These honey lime chicken thighs are my go-to for an impressive weeknight dinner that feels special but comes together with zero fuss. The combination of tangy lime and sweet honey caramelizes beautifully on the chicken, resulting in a skillet full of juicy meat with a sticky glaze and zesty finish.
The first time I made these was to rescue a pack of chicken thighs before they expired. Now I look forward to making them whenever I crave comforting flavors with a bright twist.
Ingredients
- Lime juice: fresh and vibrant flavor use freshly squeezed juice for the best tang and avoid bottled varieties
- Honey: adds sweet stickiness opt for a clear liquid honey which will blend smoothly with the other ingredients
- Soy sauce: balances the sweetness with a hint of umami choose a low sodium option for a saltier soy
- Chicken thighs: juicy and flavorful dark meat stays moist and is more forgiving than breasts bone in and skin on work best for crispiness
- Salt: enhances all the other flavors flake sea salt gives extra crunch if you have it
- Olive oil: makes the skins golden and crisp a good quality mild olive oil is best for pan searing
- Green onions: sprinkled at the end for color and a fresh bite look for bright green stalks without limpness
- Lime wedges: not just for looks squeezing extra juice over at the end perks up all the flavors
Step-by-Step Instructions
- Season the Chicken:
- Sprinkle salt all over each chicken thigh including under the skin for even seasoning and better flavor in every bite
- Prepare the Sauce:
- Whisk together lime juice honey and soy sauce in a small bowl until the honey is fully dissolved and everything looks glossy
- Brown the Chicken:
- Heat olive oil in a large skillet over medium-high wait until the oil shimmers then place chicken thighs skin side down let them cook undisturbed for about five minutes until the skin is deep golden and crisp do not rush this stage as good browning means better texture
- Simmer with Sauce:
- Flip the chicken skin side up pour in the honey lime sauce reduce heat to low and cover cook for about fifteen minutes allowing the chicken to braise in the flavorful liquid and stay juicy
- Finish and Serve:
- Check that the chicken reads at least one hundred eighty degrees Fahrenheit in the thickest part remove thighs to plates drizzle with the pan sauce and scatter chopped green onions over the top garnish with lime wedges for a final zing

I always have to mention how the hint of honey reminds me of my mother making sweet glazes for chicken on busy weeknights when we needed comfort food fast. The caramelized edges from this glaze are truly craveworthy.
Storage Tips
These chicken thighs store beautifully in the fridge for up to three days. Let them cool before packing into an airtight container. Reheat covered in the oven or a skillet over low to keep the skin crispy and the meat juicy. If freezing cool completely and wrap well to prevent freezer burn. Thaw overnight in the fridge for best results.
Ingredient Substitutions
No lime on hand Try lemon for a softer tang or even orange for a sweeter profile. Maple syrup works if you are out of honey. Boneless thighs cook a little faster just keep an eye on the internal temperature to avoid drying out.
Serving Suggestions

Serve these with steamed rice to soak up the syrupy sauce or roasted potatoes and a bright salad for balance. I love it with grilled corn or even a pile of sautéed greens for a nourishing meal. If you are hosting brunch these thighs are a bold and unexpected protein.
Cultural Inspiration
Lime and honey are a classic pairing used in many cuisines from Southeast Asian to Mexican. This dish borrows the tangy sweet tradition and adapts it for an easy skillet meal that always feels welcoming and celebratory at the table.
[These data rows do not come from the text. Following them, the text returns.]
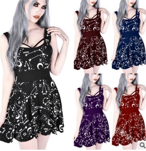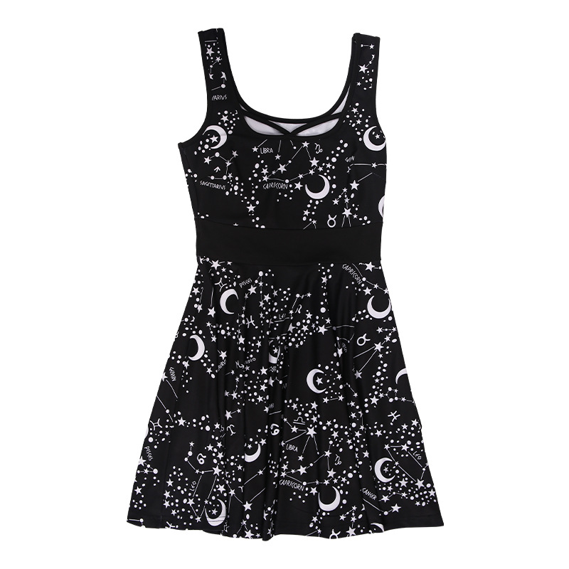Personality Sleeveless Star Print Slim Strap Sling Irregular Dress
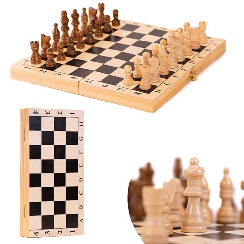 WILSON JEUX - 28 cm schack tryckt hopfällbar låda - hopfällbart schackbräde i trä - bokstäver och krypterat schackbräde - ECH21001
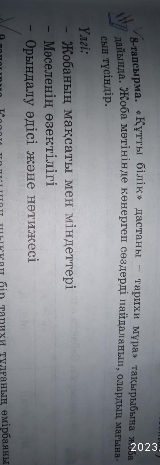 8-тапсырма. Құтты білік» дастаны тарихи мура» тақырыбына жоба дайында. Жоба мәтінінде көнерген создерді пайдаланып, олардын магына - сын түсіндір. Үлгі: Жобаның мақсаты мен мiндеттерi Мәселенің өзектілігі Орындалу әдісі және нәтижесі
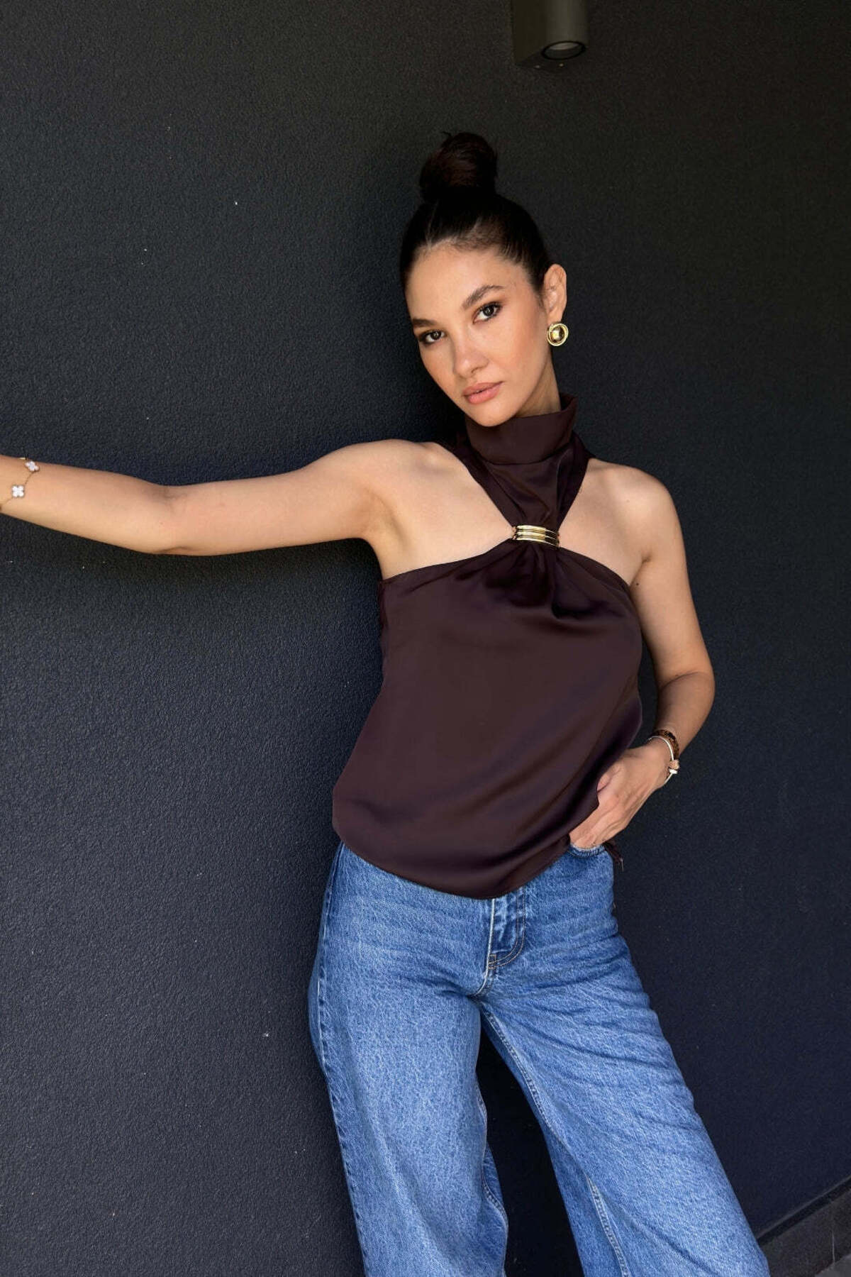Acı Kahve Tokalı Bluz 251009 Acı Kahve Tokalı Bluz 251009 069-23Y3085 L
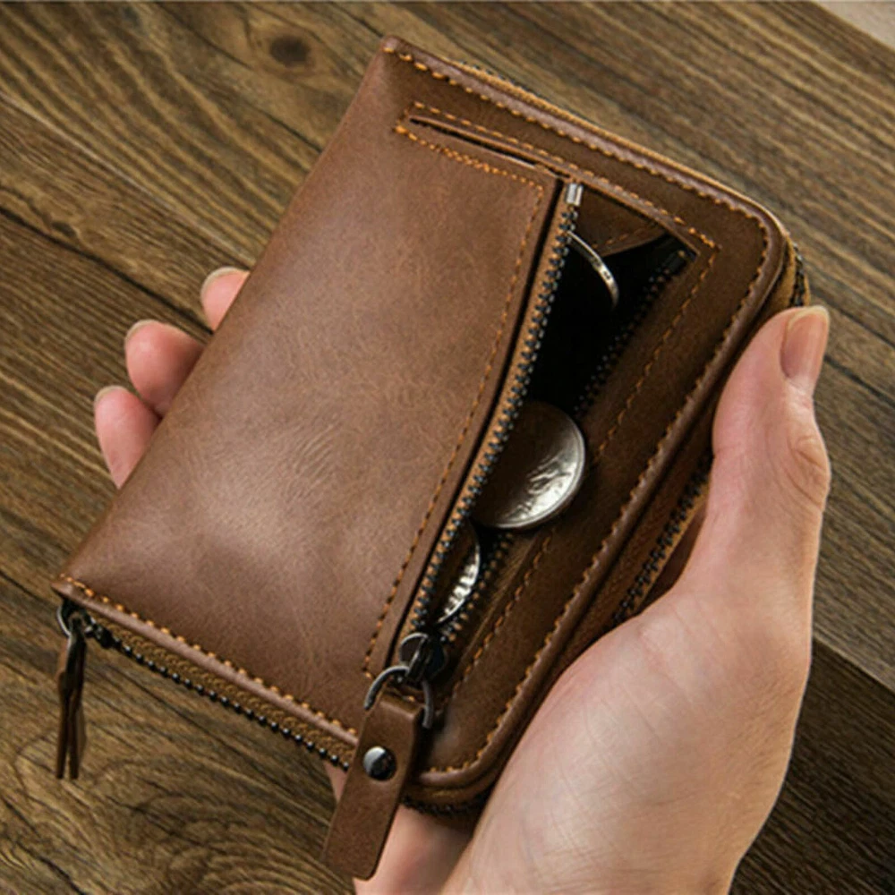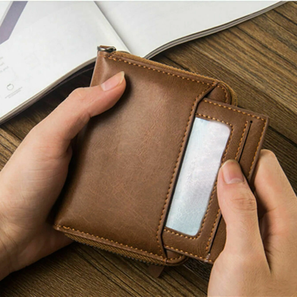 Item Width: As picture Features: Credit Card Theme: Classic Character Family: Classic UPC: Does not apply Type: Wallet Item Length: As picture Country/Region of Manufacture: China gtin13: Does not apply Color: Brown MPN: Does Not Apply Character: Classic Material: Leather Brand: Unbranded Department: Men Accents: Zipper Fabric Type: Leather

Frequently Asked Questions
- → How do I achieve a crisp skin on chicken thighs?
Ensure the chicken skin is patted dry before cooking, then sear skin side down in hot olive oil until deeply golden.
- → What can I serve with honey lime chicken thighs?
Pair with steamed rice, roasted vegetables, or a simple green salad to balance the vibrant flavors.
- → Can I use boneless chicken thighs for this dish?
Yes, boneless thighs work well—just adjust the cooking time as they cook faster than bone-in.
- → Is it possible to substitute lime with lemon?
Lemon can be used, though the flavor will be slightly less sweet and more tart than lime.
- → How can I ensure the chicken stays moist?
Cook covered on low heat after searing, allowing the thighs to simmer in their juices and sauce.